No, not a tale, rather a reflection.
Our physics commentator Rob Sheldon writes to reflect on the many meanings of the word “function” in biology:
If I recall correctly, the original definition of “functional” was whether that piece of DNA was turned into a protein, which depended on finding a “start” and a “stop” codon. The Human Genome Project reported that some 90% of the human genome didn’t have these “start/stop” features, and hence was “non-functional”.
a) However, there was extensive editing of RNA in the “spliceosome” with the removal of introns and customization of proteins such that one “start/stop” strand of DNA could make 100 distinct proteins. So the first piece of news is that the mapping is “one to many”.
b) Since the function of start/stop was to tell the DNA polymerase where to start/stop reading, then the fact that the “spliceosome” is spitting out chunks of RNA totally indiscriminately of start/stop codons, means that start/stop is not a good way to characterize functional DNA. Some pieces were still being transcribed into protein without these markers.
So that led to the second method of defining “functional”. Let’s cut out that piece of DNA using CRISPR (or more likely, blocking it with a small anti-sense RNA fragment). Is the edited critter still viable after that DNA is rendered inoperable?

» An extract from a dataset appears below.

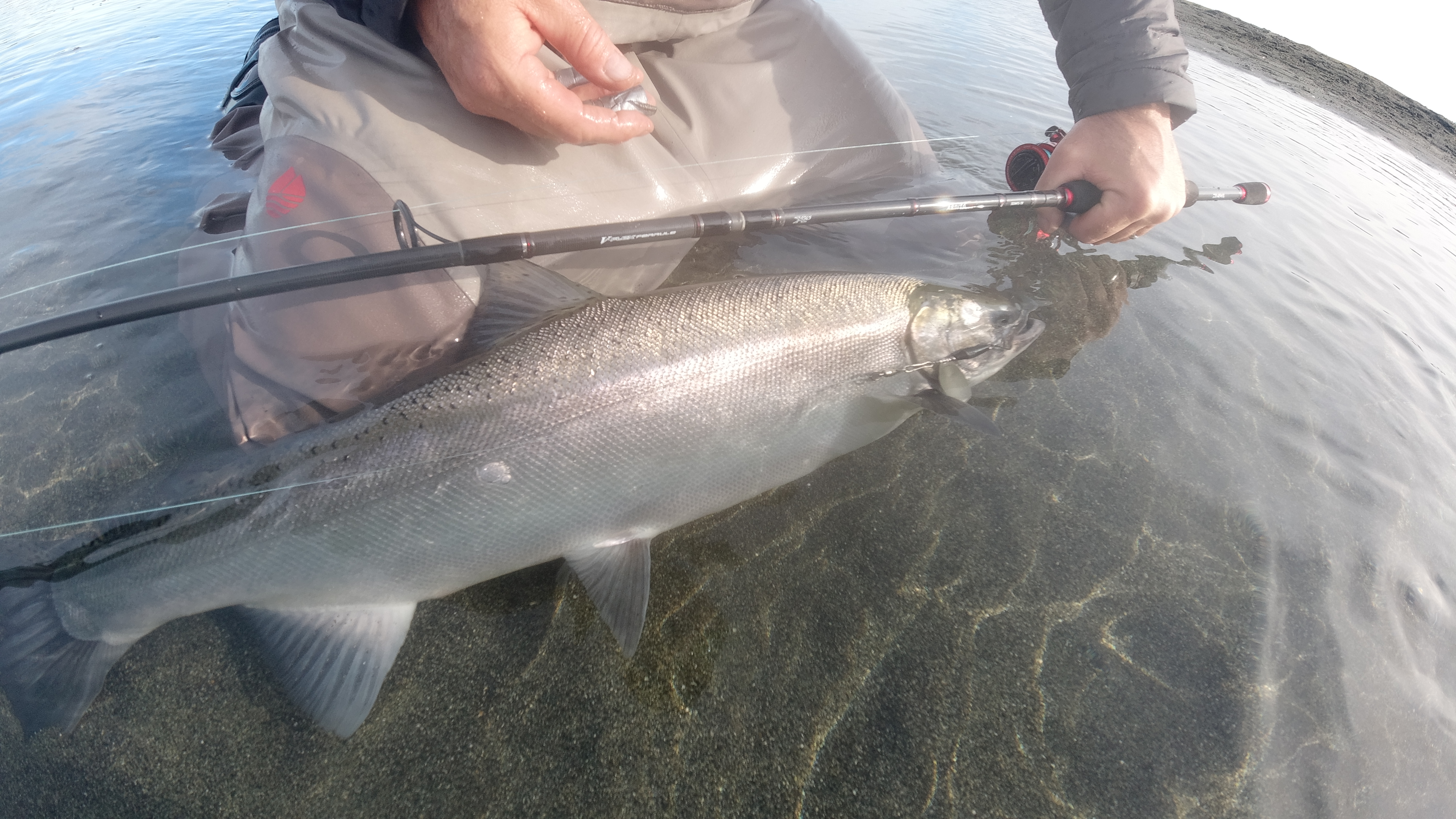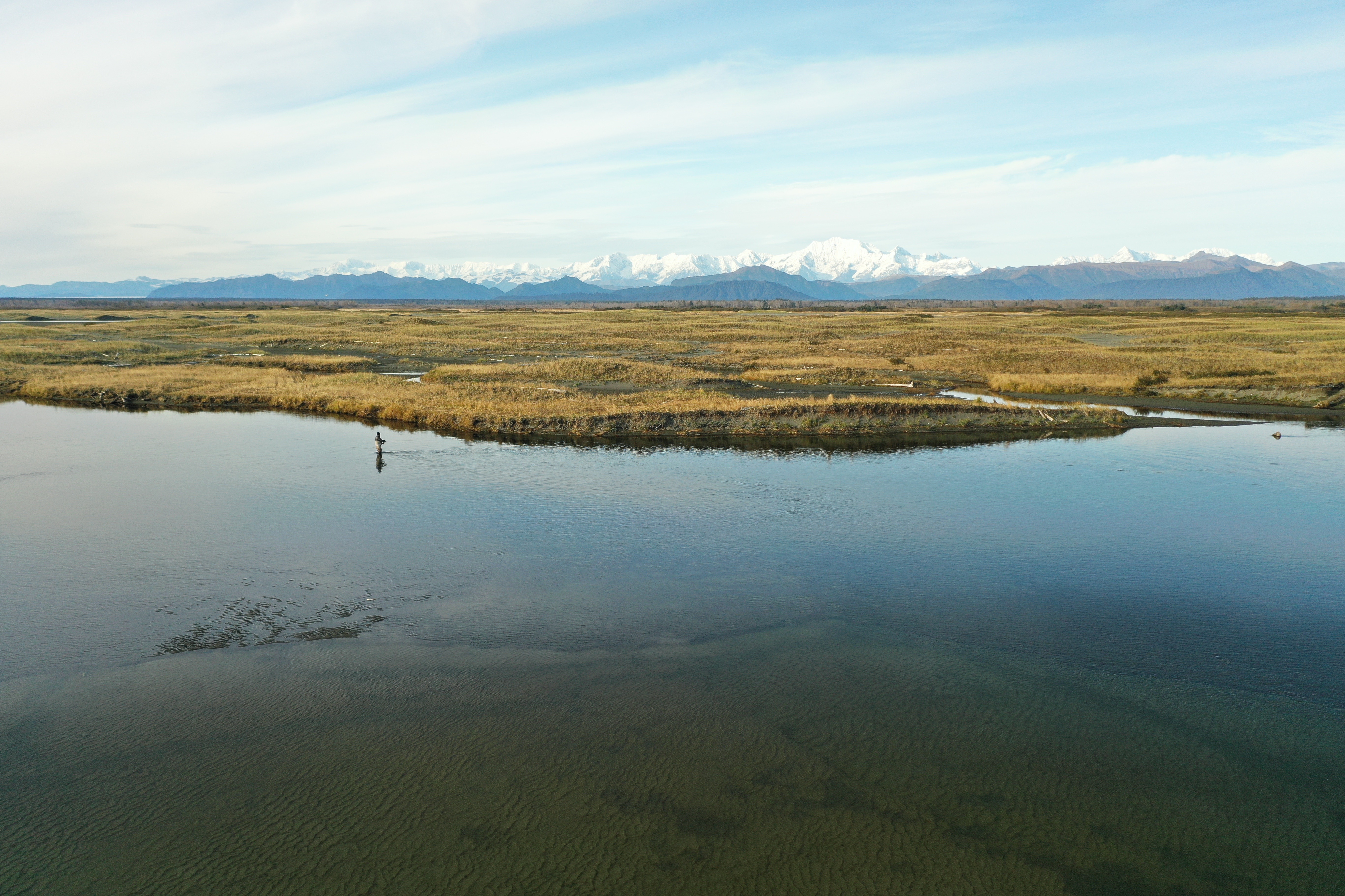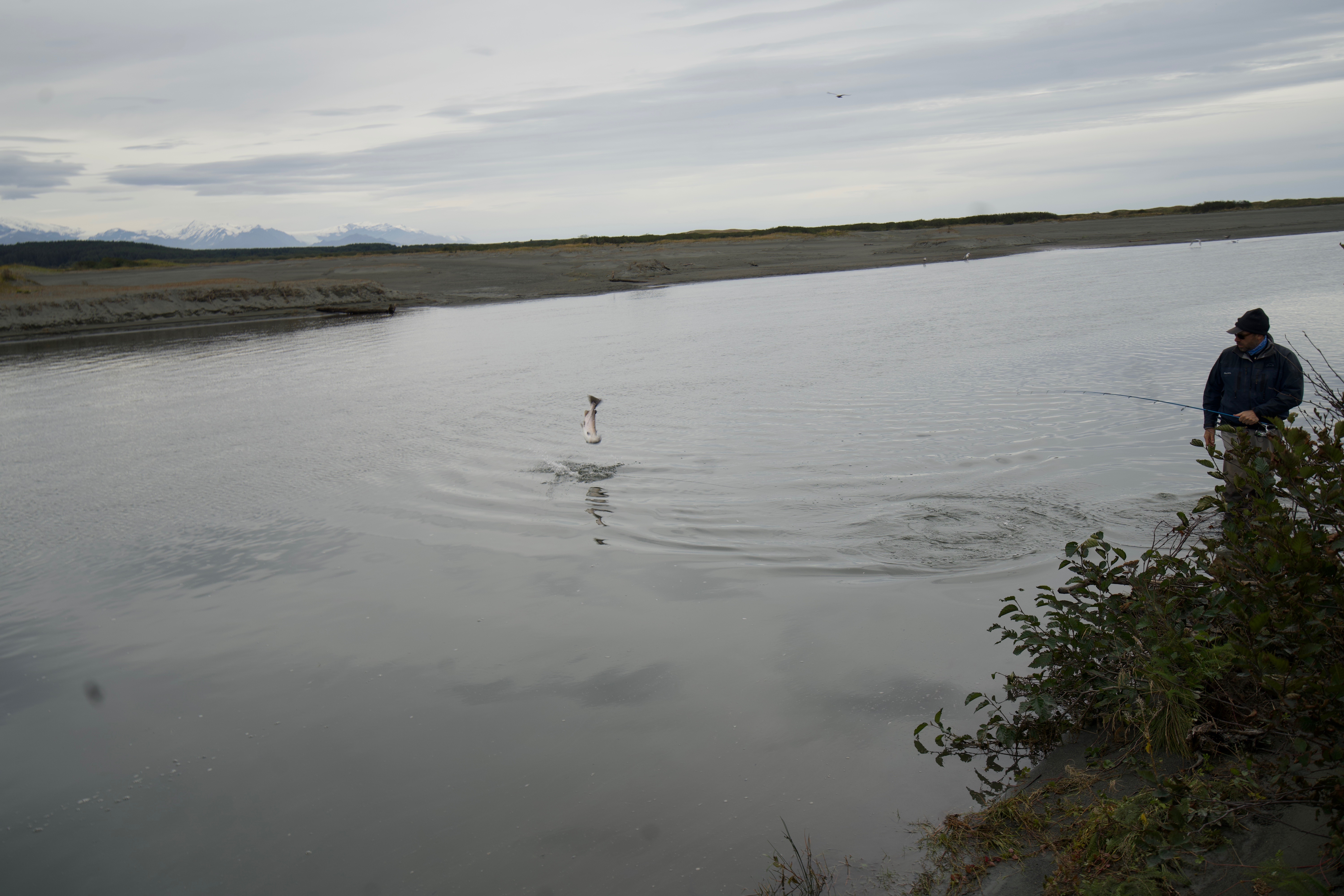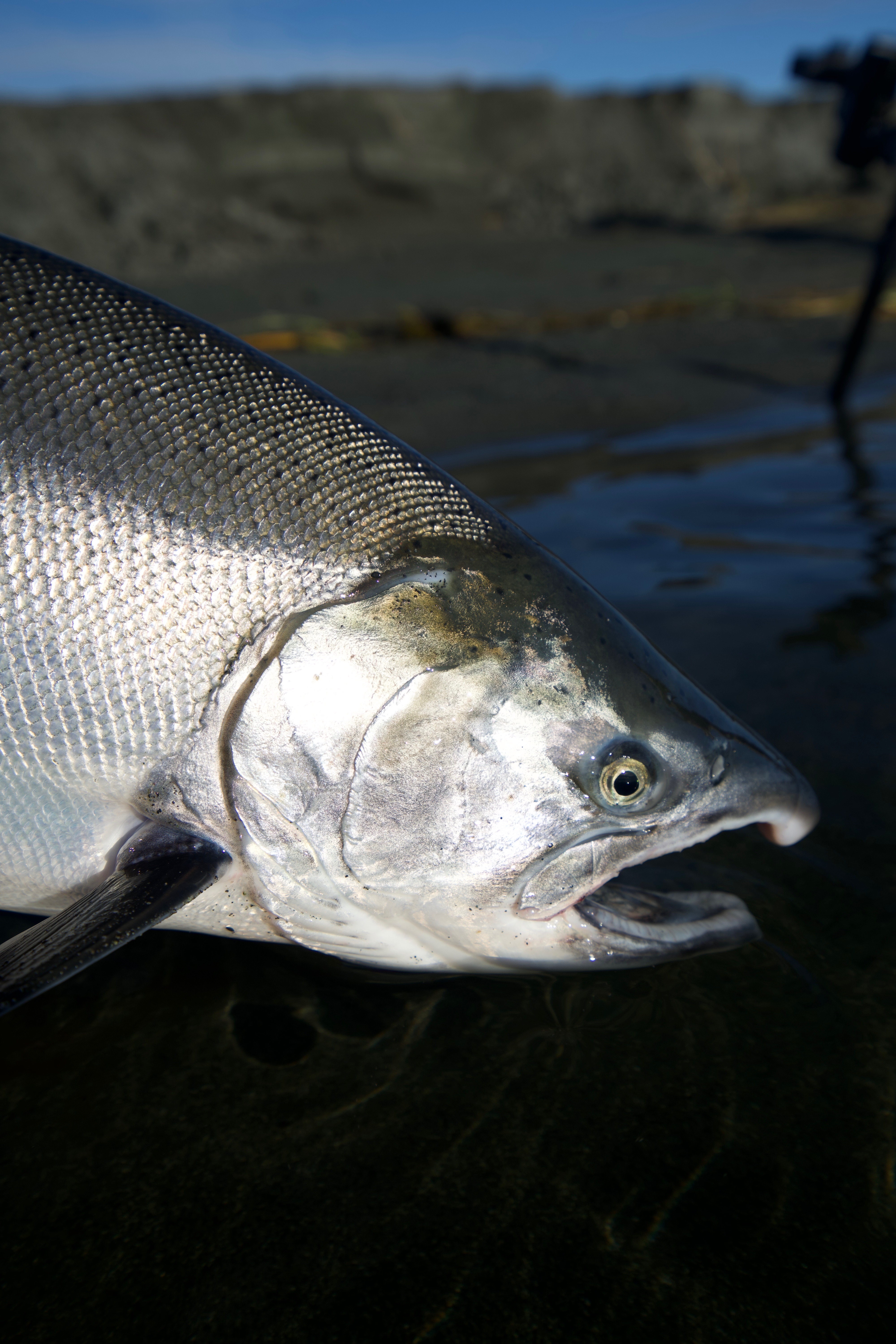 Sport Fishermen consider silver salmon the “premier” pacific salmon species, as it is a very aggressive and hard fighting fish. Silvers are characterized by their acrobatic, sizzling runs that will consistently go into the reel’s backing. An average silver weighs about 10½ pounds, but our lodge record is over 22 pounds. Don’t be surprised if you have to rest your arms from time to time! The silver run on the Tsiu is an extremely strong, long-lasting run that occurs from early August through October. The type of tackle fisherman use is fly, casting, or spinning equipment. Eight or nine weight fly-rods are preferred with high capacity reels (to accommodate those long rocket runs!) and medium weight casting and spinning gear. We will provide you with a complete suggested gear list including the type of flies and lures that will bring you the most success. Fishing is included on all of our hunting expeditions where you will have one of our professional fishing guides on hand to show you the best locations on the river.

c) Again, a person is “still viable” without legs, just not very competitive. So what exactly does viable mean? If a bacterium lives for 2 weeks but doesn’t reproduce, is it viable? If a bacterium lives indefinitely in a Petri dish but dies when injected into a host, is that viable? If a bacterium lives in a host but dies when the host runs a fever, is that viable?
So we are back to not really knowing when something is functional or not.
So that led to a third method of defining “functional”. Let’s see if there are any protein strands in the organism that are derived from that piece of DNA.
d) But then we discovered that RNA does a million other things — it builds the ribosome, it brings in marked amino acids, it regulates transcription, it carries information outside the cell. Just because a piece of DNA isn’t converted to protein doesn’t mean that it has no function.
So we are up to our fourth method of defining “functional”. If that DNA is turned into RNA then it is functional.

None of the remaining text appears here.